Last month, Anaheim officials closed escrow on a three-acre parcel of vacant, undeveloped land on Carl Karcher Way, which is on the Fullerton border and one block north of La Palma Park, a regular hangout for the city’s homeless population.

In March, the Anaheim City Council authorized the $3 million dollar purchase from Carl’s Jr. Restaurants without referencing its intended use. However, Fullerton Mayor Doug Chaffee has since publicly pledged his support for Anaheim’s plan to develop the site as Orange County’s first permanent 24-hour homeless shelter.

Fullerton’s role in establishing a shelter at the new Anaheim site has yet to be defined, but Chaffee and Fullerton City Manager Joe Felz confirmed that this latest attempt to establish a shelter in North Orange County is a cooperative effort between the County of Orange, Anaheim and Fullerton.

“A partnership approach makes sense because the homeless don’t see a municipal boundary,” said Larry Haynes, executive director of Mercy House, the social service agency that operates a nighttime shelter from October to April at Fullerton’s National Guard Armory.

“This is not a case of one city ‘dumping’ its homeless population on its neighbor, because the two cities share the same population. It is a fluid population that splits time between Anaheim and Fullerton.”

Felz said Fullerton would likely contribute capital improvement funds to assist in acquiring and developing the site, and an official multijurisdictional agreement would be struck among the two cities and the county.

Under the current plan, Anaheim will own the land and facilities and lease it to Orange County, which will operate the shelter as a regional facility.
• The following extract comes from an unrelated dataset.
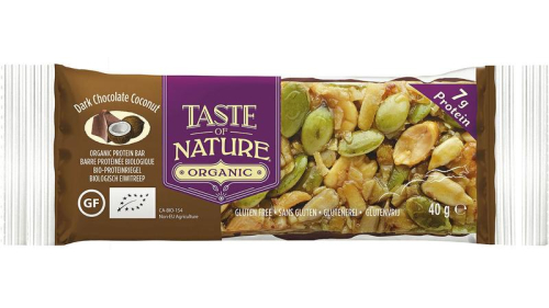 Verfassen Sie Ihre Produktbewertung für 40 Gramm Taste of Nature Dark Chocolate Coconut Eiwitreep Biologisch hier!

This approach differs greatly from Orange County’s attempt in 2013 to purchase a vacant furniture store on S. State College Boulevard in Fullerton for a homeless shelter before consulting with Fullerton’s leaders.

That deal began to unravel in March 2013, when County Supervisor Shawn Nelson sponsored a community information meeting at the Fullerton Library where nearby residents shouted their concerns that a homeless shelter would hurt property values and parents decried the location because it would have placed children in close proximity to people with mental health issues and criminal backgrounds.

This time around, Anaheim is acquiring the land directly, and the city’s ownership of the site will give it control over how the facilities are developed and how surrounding land uses are impacted.

In an interview, Chaffee said the Anaheim location is better suited for housing 200 homeless adults because the site is not directly adjacent to schools or housing, his reasons for rejecting the Fullerton site in 2013. He also emphasized that three acres of open land offers an opportunity to construct a new facility with space for mental health and social service offices and a police substation.

“The need for a shelter is urgent,” he said. “We are at the start of a quickly-moving process.”

Elizabeth Hansburg is a Fullerton-based freelance writer.